Given the current dearth of digital data that is appealing and
unencumbered by extremely complex rights problems, developing a
network version of American Memory could do much to help make
network multimedia a reality.
* Concerning the thorny issue of electronic deposit, LC should
initiate a catalytic process in terms of distributed
responsibility, that is, bring together the distributed
organizations and set up a study group to look at all the
issues related to electronic deposit and see where we as a
nation should move. For example, LC might attempt to persuade
one major library in each state to deal with its state
equivalent publisher, which might produce a cooperative project
that would be equitably distributed around the country, and one
in which LC would be dealing with a minimal number of publishers
and minimal copyright problems. LC must also deal with the
concept of on-line publishing, determining, among other things,
how serials such as OJCCT might be deposited for copyright.
* Since a number of projects are planning to carry out
preservation by creating digital images that will end up in
on-line or near-line storage at some institution, LC might play
a helpful role, at least in the near term, by accelerating how
to catalog that information into the Research Library Information
Network (RLIN) and then into OCLC, so that it would be accessible.
This would reduce the possibility of multiple institutions digitizing
the same work.
CONCLUSION
The Workshop was valuable because it brought together partisans from
various groups and provided an occasion to compare goals and methods.
The more committed partisans frequently communicate with others in their
groups, but less often across group boundaries. The Workshop was also
valuable to attendees--including those involved with American Memory--who
came less committed to particular approaches or concepts. These
attendees learned a great deal, and plan to select and employ elements of
imaging, text-coding, and networked distribution that suit their
respective projects and purposes.
Still, reality rears its ugly head: no breakthrough has been achieved.
On the imaging side, one confronts a proliferation of competing
data-interchange standards and a lack of consensus on the role of digital
facsimiles in preservation. In the realm of machine-readable texts, one
encounters a reasonably mature standard but methodological difficulties
and high costs. These latter problems, of course, represent a special
impediment to the desire, as it is sometimes expressed in the popular
press, "to put the [contents of the] Library of Congress on line." In
the words of one participant, there was "no solution to the economic
problems--the projects that are out there are surviving, but it is going
to be a lot of work to transform the information industry, and so far the
investment to do that is not forthcoming" (LESK, per litteras).
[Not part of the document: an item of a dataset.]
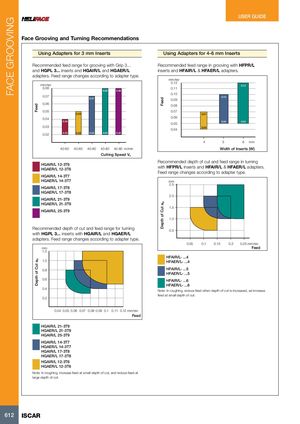 FACE GROOVING FeedDepth of Cut ap FeedDepth of Cut ap USER GUIDE Face Grooving and Turning Recommendations Using Adapters for 3 mm Inserts Using Adapters for 4-6 mm Inserts Recommended feed range for grooving with Grip 3... Recommended feed range in grooving with HFPR/L and HGPL 3... inserts and HGAIR/L and HGAER/L inserts and HFAIR/L & HFAER/L adapters. adapters. Feed range changes according to adapter type. mm/rev mm/rev 0.12 0.12 0.08 0.11 0.08 0.08 0.10 0.07 0.07 0.100.09 0.06 0.08 0.05 0.07 0.05 0.07 0.04 0.06 0.04 0.05 0.05 0.05 0.03 0.04 0.04 0.02 0.02 0.02 0.02 0.02 0.02 4 5 6 mm 40-60 40-60 40-80 40-80 40-80 m/min Width of Inserts (W) Cutting Speed Vc Recommended depth of cut and feed range in turning HGAIR/L 12-3T6HGAER/L 12-3T6 with HFPR/L inserts and HFAIR/L & HFAER/L adapters. Feed range changes according to adapter type. HGAIR/L 14-3T7 HGAER/L 14-3T7 mm 2.5 HGAIR/L 17-3T8 HGAER/L 17-3T8 2.0 HGAIR/L 21-3T9 HGAER/L 21-3T9 1.5 HGAIR/L 25-3T9 1.0 Recommended depth of cut and feed range for turning 0.5 with HGPL 3... inserts with HGAIR/L and HGAER/L adapters. Feed range changes according to adapter type. 0.05 0.1 0.15 0.2 0.25 mm/rev mm Feed 1.2 HFAIR/L- ...4 1.0 HFAER/L- ...4 0.8 HFAIR/L- ...5 HFAER/L- ...5 0.6 HFAIR/L- ...6 HFAER/L- ...6 0.4 Note: In roughing, reduce feed when depth of cut is increased, ad increase feed at small depth of cut. 0.2 0.04 0.05 0.06 0.07 0.08 0.09 0.1 0.11 0.12 mm/rev Feed HGAIR/L 21-3T9 HGAER/L 21-3T9 HGAIR/L 25-3T9 HGAIR/L 14-3T7 HGAER/L 14-3T7 HGAIR/L 17-3T8 HGAER/L 17-3T8 HGAIR/L 12-3T6 HGAER/L 12-3T6 Note: In roughing, increase feed at small depth of cut, and reduce feed at large depth of cut. 612 ISCAR

*** *** *** ****** *** *** ***
PROCEEDINGS
WELCOME
+++++++++++++++++++++++++++++++++++++++++++++++++++++++++++++++++++++++++
GIFFORD * Origin of Workshop in current Librarian's desire to make LC's
collections more widely available * Desiderata arising from the prospect
of greater interconnectedness *
+++++++++++++++++++++++++++++++++++++++++++++++++++++++++++++++++++++++++
After welcoming participants on behalf of the Library of Congress,
American Memory (AM), and the National Demonstration Lab, Prosser
GIFFORD, director for scholarly programs, Library of Congress, located
the origin of the Workshop on Electronic Texts in a conversation he had
had considerably more than a year ago with Carl FLEISCHHAUER concerning
some of the issues faced by AM. On the assumption that numerous other
people were asking the same questions, the decision was made to bring
together as many of these people as possible to ask the same questions
together. In a deeper sense, GIFFORD said, the origin of the Workshop
lay in the desire of the current Librarian of Congress, James H.
Billington, to make the collections of the Library, especially those
offering unique or unusual testimony on aspects of the American
experience, available to a much wider circle of users than those few
people who can come to Washington to use them. This meant that the
emphasis of AM, from the outset, has been on archival collections of the
basic material, and on making these collections themselves available,
rather than selected or heavily edited products.
From AM's emphasis followed the questions with which the Workshop began:
who will use these materials, and in what form will they wish to use
them. But an even larger issue deserving mention, in GIFFORD's view, was
the phenomenal growth in Internet connectivity. He expressed the hope
that the prospect of greater interconnectedness than ever before would
lead to: 1) much more cooperative and mutually supportive endeavors; 2)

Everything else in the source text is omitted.